▸ **What you will do**
Below are records; the lines starting at the one with "BLANCO TIVO-S soft-whitekrom" and ending at the one with "Large gift bag" must be reproduced exactly, both included. Pictures must not appear.

▸ **Input data**
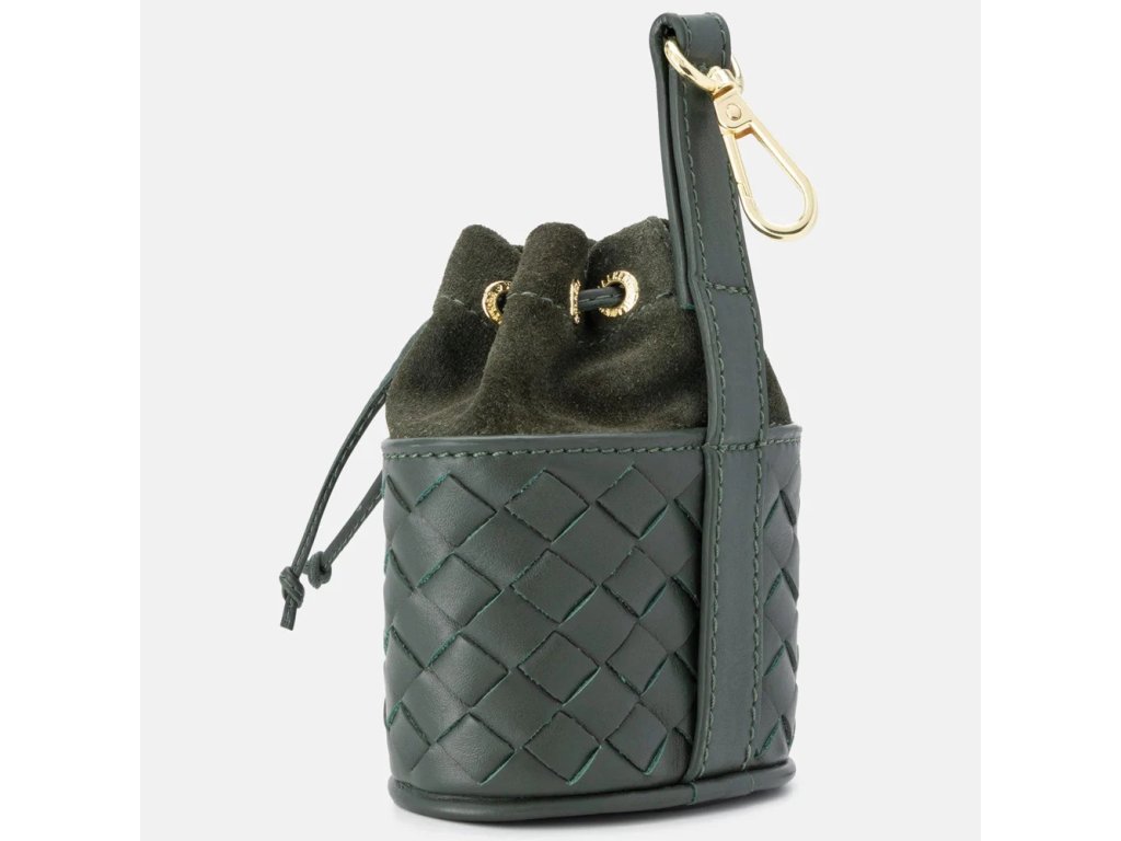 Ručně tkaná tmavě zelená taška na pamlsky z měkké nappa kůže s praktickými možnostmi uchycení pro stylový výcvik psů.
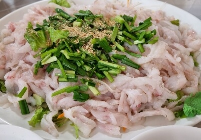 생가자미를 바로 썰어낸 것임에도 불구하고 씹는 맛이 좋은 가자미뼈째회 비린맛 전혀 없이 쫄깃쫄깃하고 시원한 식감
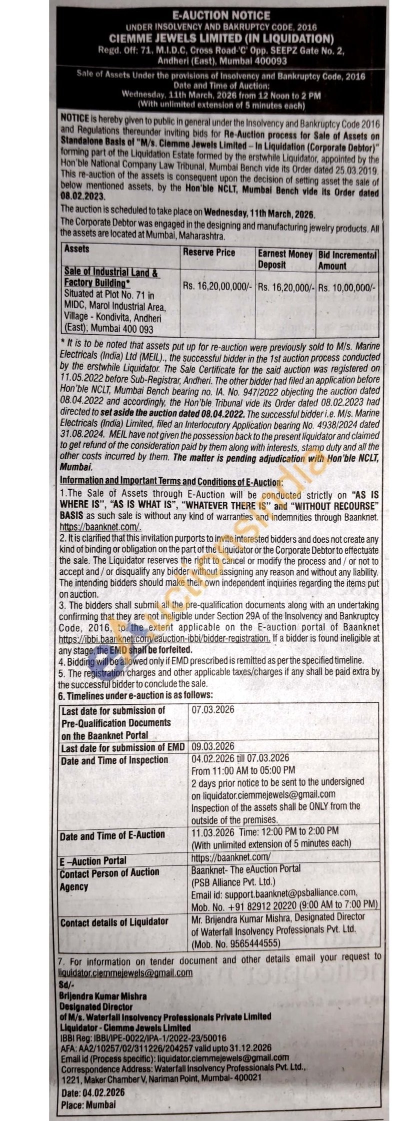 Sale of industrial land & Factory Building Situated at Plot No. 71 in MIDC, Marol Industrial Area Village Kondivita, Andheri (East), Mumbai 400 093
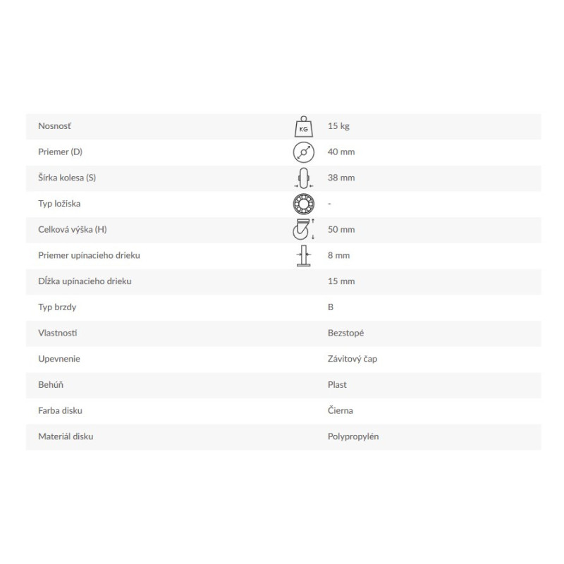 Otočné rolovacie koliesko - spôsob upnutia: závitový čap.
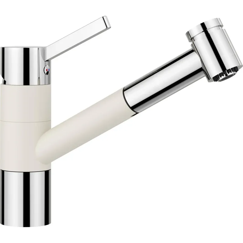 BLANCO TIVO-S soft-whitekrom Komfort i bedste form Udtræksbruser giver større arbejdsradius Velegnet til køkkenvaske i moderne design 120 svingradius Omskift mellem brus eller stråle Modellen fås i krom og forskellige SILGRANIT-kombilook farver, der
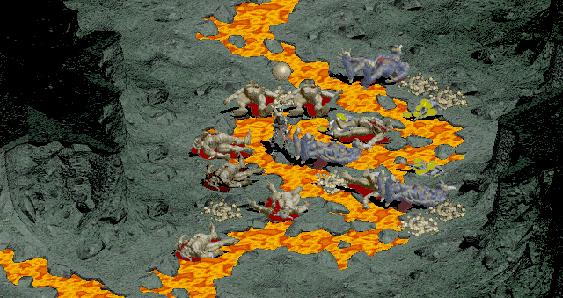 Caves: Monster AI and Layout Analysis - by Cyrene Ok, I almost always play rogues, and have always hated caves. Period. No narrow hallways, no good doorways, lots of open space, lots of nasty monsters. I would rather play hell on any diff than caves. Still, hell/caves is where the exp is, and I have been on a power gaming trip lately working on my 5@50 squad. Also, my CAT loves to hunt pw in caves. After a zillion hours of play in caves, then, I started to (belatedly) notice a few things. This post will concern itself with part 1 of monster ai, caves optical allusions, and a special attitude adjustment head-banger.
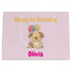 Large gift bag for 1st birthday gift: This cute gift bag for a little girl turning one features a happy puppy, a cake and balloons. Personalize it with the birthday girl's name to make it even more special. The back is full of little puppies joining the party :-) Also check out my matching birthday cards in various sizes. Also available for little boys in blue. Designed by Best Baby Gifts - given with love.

==

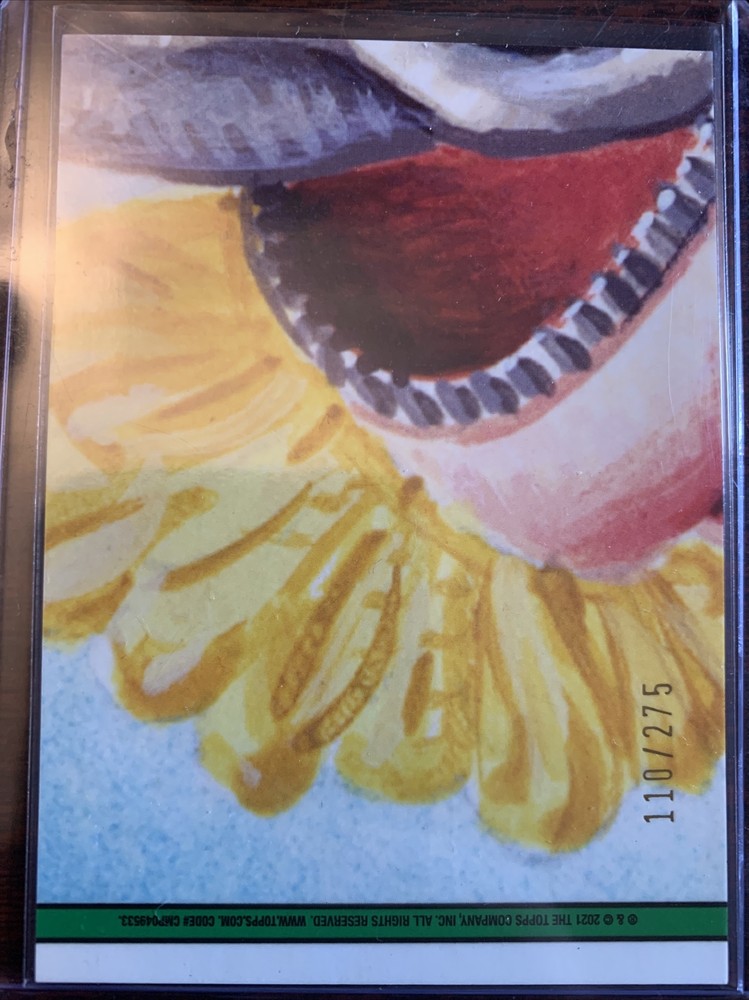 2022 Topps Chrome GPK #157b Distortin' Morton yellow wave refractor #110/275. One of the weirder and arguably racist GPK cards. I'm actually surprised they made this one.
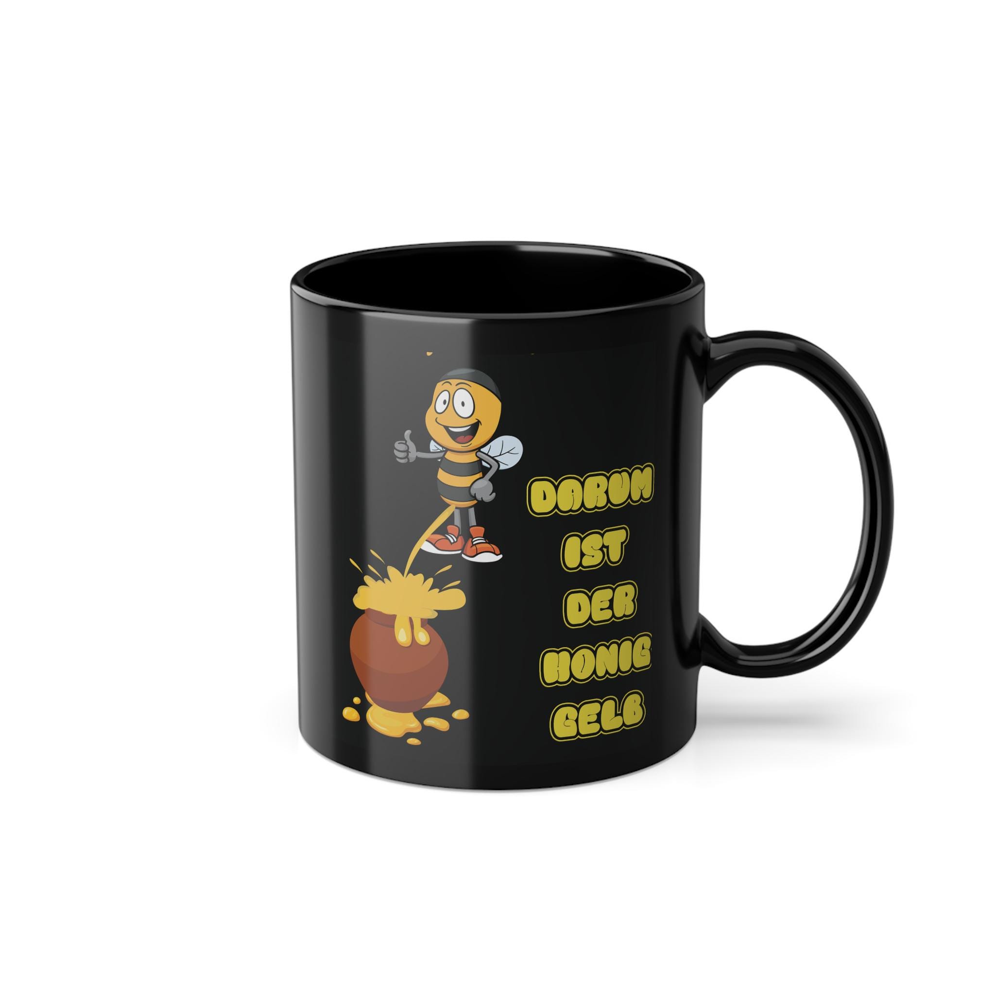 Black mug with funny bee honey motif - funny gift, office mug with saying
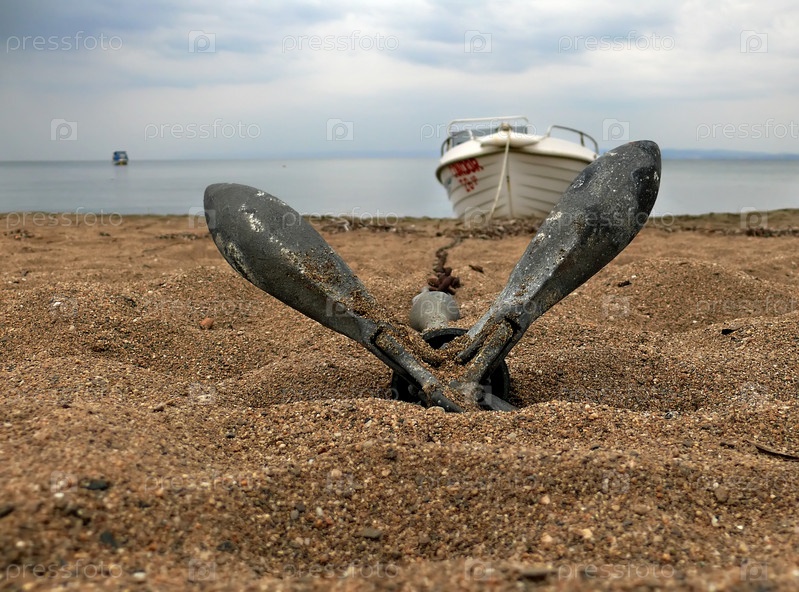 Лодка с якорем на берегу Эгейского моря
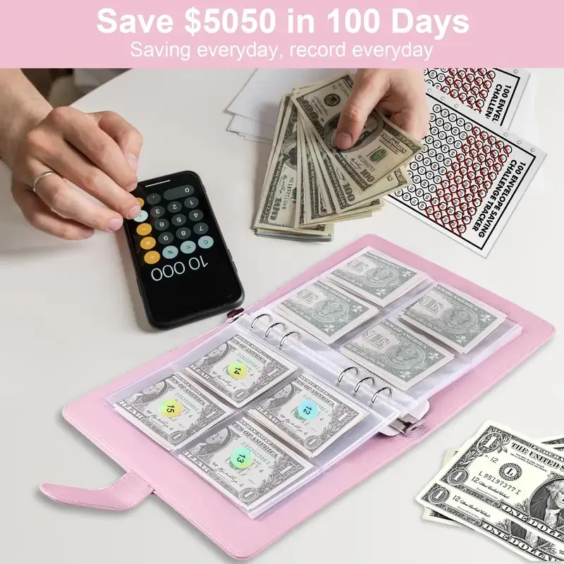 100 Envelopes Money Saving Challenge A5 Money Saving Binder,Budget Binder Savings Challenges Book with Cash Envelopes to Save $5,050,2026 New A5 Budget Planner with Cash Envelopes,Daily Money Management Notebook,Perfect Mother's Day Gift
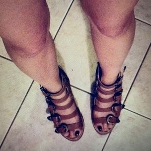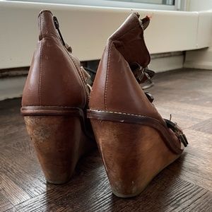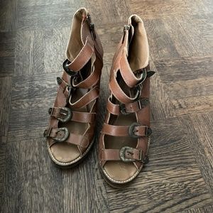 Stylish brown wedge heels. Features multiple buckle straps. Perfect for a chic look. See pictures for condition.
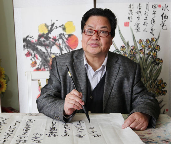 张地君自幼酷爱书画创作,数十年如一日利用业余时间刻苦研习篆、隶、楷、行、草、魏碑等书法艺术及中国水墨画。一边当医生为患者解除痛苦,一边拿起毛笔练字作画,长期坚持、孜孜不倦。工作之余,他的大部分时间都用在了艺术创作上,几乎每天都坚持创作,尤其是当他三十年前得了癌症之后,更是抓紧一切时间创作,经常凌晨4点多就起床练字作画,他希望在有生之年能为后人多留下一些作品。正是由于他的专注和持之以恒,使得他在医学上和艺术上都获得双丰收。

...

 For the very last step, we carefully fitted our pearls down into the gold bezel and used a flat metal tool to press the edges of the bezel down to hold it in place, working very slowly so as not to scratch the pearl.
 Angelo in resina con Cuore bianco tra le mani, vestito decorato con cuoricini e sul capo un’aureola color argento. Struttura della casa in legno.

▸ **Answer to this exercise**
 BLANCO TIVO-S soft-whitekrom Komfort i bedste form Udtræksbruser giver større arbejdsradius Velegnet til køkkenvaske i moderne design 120 svingradius Omskift mellem brus eller stråle Modellen fås i krom og forskellige SILGRANIT-kombilook farver, der
 Caves: Monster AI and Layout Analysis - by Cyrene Ok, I almost always play rogues, and have always hated caves. Period. No narrow hallways, no good doorways, lots of open space, lots of nasty monsters. I would rather play hell on any diff than caves. Still, hell/caves is where the exp is, and I have been on a power gaming trip lately working on my 5@50 squad. Also, my CAT loves to hunt pw in caves. After a zillion hours of play in caves, then, I started to (belatedly) notice a few things. This post will concern itself with part 1 of monster ai, caves optical allusions, and a special attitude adjustment head-banger.
 Large gift bag for 1st birthday gift: This cute gift bag for a little girl turning one features a happy puppy, a cake and balloons. Personalize it with the birthday girl's name to make it even more special. The back is full of little puppies joining the party :-) Also check out my matching birthday cards in various sizes. Also available for little boys in blue. Designed by Best Baby Gifts - given with love.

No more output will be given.